── Material provided

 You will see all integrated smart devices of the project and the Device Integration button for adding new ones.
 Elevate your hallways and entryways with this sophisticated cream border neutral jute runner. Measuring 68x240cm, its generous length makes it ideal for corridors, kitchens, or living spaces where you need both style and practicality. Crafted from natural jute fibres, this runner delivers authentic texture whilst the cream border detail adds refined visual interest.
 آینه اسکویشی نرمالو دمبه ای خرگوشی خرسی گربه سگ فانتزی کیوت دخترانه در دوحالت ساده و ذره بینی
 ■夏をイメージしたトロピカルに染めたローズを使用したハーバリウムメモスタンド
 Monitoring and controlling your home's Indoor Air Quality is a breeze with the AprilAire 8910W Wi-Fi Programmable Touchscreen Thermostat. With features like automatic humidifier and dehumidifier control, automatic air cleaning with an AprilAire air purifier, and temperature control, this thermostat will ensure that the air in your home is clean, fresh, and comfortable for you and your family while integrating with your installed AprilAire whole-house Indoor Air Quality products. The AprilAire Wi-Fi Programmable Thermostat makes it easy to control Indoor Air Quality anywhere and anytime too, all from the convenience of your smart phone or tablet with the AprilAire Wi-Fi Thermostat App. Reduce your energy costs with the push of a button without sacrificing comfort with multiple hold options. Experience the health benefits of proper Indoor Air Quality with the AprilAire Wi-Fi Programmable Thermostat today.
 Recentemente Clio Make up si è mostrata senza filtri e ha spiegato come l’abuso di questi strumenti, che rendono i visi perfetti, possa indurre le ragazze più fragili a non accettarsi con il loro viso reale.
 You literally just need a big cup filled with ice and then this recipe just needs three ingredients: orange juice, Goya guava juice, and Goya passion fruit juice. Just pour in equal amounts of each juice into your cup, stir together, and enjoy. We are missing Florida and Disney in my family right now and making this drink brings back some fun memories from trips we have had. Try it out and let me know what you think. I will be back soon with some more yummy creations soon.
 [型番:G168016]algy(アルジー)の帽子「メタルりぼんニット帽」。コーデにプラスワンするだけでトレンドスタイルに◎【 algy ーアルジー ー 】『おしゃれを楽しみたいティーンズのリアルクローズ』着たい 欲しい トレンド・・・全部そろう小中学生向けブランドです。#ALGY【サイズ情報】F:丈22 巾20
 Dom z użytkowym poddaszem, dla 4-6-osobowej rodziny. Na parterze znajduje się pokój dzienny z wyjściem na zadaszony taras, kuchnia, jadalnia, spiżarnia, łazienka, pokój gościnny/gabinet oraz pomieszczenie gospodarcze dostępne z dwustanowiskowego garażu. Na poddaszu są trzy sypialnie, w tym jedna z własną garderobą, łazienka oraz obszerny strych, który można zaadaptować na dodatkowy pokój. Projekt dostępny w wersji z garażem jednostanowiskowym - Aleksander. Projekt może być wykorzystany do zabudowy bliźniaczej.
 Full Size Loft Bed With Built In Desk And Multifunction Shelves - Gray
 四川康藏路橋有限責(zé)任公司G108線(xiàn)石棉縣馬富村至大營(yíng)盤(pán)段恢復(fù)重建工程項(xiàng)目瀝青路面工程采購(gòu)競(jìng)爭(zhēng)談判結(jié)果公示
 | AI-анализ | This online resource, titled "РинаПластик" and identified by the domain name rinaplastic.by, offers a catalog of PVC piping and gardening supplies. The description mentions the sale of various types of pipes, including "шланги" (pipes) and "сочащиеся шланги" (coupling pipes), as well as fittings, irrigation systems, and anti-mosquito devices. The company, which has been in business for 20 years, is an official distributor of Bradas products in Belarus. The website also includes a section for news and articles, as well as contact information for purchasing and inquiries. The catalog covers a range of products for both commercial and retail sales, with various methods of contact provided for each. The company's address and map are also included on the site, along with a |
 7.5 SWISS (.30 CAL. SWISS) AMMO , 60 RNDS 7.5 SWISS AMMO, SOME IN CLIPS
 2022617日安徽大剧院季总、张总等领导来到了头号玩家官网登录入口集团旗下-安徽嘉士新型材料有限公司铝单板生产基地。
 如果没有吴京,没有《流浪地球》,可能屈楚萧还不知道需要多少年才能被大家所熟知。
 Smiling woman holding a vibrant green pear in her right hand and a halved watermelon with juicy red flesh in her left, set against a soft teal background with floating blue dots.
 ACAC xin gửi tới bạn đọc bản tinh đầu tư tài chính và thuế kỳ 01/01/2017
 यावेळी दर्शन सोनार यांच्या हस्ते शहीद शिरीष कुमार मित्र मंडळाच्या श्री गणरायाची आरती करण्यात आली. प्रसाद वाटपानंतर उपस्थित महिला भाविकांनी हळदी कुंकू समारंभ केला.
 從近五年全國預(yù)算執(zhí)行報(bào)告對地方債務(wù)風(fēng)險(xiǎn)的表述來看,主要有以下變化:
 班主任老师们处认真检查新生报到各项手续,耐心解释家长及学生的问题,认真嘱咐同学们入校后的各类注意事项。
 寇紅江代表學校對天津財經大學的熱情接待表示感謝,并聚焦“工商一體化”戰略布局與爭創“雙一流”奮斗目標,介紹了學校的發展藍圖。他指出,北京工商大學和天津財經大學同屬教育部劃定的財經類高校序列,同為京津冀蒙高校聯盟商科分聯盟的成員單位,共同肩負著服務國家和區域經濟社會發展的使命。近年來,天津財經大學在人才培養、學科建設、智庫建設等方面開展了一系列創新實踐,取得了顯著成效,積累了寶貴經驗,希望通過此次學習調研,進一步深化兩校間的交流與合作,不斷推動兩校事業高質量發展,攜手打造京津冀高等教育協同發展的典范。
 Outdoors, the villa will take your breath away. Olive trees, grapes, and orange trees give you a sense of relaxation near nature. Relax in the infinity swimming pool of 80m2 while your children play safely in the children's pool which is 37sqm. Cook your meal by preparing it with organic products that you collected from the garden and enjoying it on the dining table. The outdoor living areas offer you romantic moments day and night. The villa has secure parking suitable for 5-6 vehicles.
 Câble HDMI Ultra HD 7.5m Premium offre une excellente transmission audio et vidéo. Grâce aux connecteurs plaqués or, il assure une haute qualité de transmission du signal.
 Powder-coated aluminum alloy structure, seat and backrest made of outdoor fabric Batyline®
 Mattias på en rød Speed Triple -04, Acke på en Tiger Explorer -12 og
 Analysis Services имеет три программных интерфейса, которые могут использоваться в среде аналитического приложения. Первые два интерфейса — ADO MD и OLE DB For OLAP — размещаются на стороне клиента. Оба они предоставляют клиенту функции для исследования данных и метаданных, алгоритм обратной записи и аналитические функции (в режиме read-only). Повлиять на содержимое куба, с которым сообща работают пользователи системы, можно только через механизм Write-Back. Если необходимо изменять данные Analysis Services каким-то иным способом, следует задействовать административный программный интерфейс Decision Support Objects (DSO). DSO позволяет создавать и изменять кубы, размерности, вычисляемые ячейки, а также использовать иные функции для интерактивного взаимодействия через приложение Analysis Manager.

────

The required output is the entries from their opening line through the line holding "You literally just", repeated exactly, with both end lines kept.

 You will see all integrated smart devices of the project and the Device Integration button for adding new ones.
 Elevate your hallways and entryways with this sophisticated cream border neutral jute runner. Measuring 68x240cm, its generous length makes it ideal for corridors, kitchens, or living spaces where you need both style and practicality. Crafted from natural jute fibres, this runner delivers authentic texture whilst the cream border detail adds refined visual interest.
 آینه اسکویشی نرمالو دمبه ای خرگوشی خرسی گربه سگ فانتزی کیوت دخترانه در دوحالت ساده و ذره بینی
 ■夏をイメージしたトロピカルに染めたローズを使用したハーバリウムメモスタンド
 Monitoring and controlling your home's Indoor Air Quality is a breeze with the AprilAire 8910W Wi-Fi Programmable Touchscreen Thermostat. With features like automatic humidifier and dehumidifier control, automatic air cleaning with an AprilAire air purifier, and temperature control, this thermostat will ensure that the air in your home is clean, fresh, and comfortable for you and your family while integrating with your installed AprilAire whole-house Indoor Air Quality products. The AprilAire Wi-Fi Programmable Thermostat makes it easy to control Indoor Air Quality anywhere and anytime too, all from the convenience of your smart phone or tablet with the AprilAire Wi-Fi Thermostat App. Reduce your energy costs with the push of a button without sacrificing comfort with multiple hold options. Experience the health benefits of proper Indoor Air Quality with the AprilAire Wi-Fi Programmable Thermostat today.
 Recentemente Clio Make up si è mostrata senza filtri e ha spiegato come l’abuso di questi strumenti, che rendono i visi perfetti, possa indurre le ragazze più fragili a non accettarsi con il loro viso reale.
 You literally just need a big cup filled with ice and then this recipe just needs three ingredients: orange juice, Goya guava juice, and Goya passion fruit juice. Just pour in equal amounts of each juice into your cup, stir together, and enjoy. We are missing Florida and Disney in my family right now and making this drink brings back some fun memories from trips we have had. Try it out and let me know what you think. I will be back soon with some more yummy creations soon.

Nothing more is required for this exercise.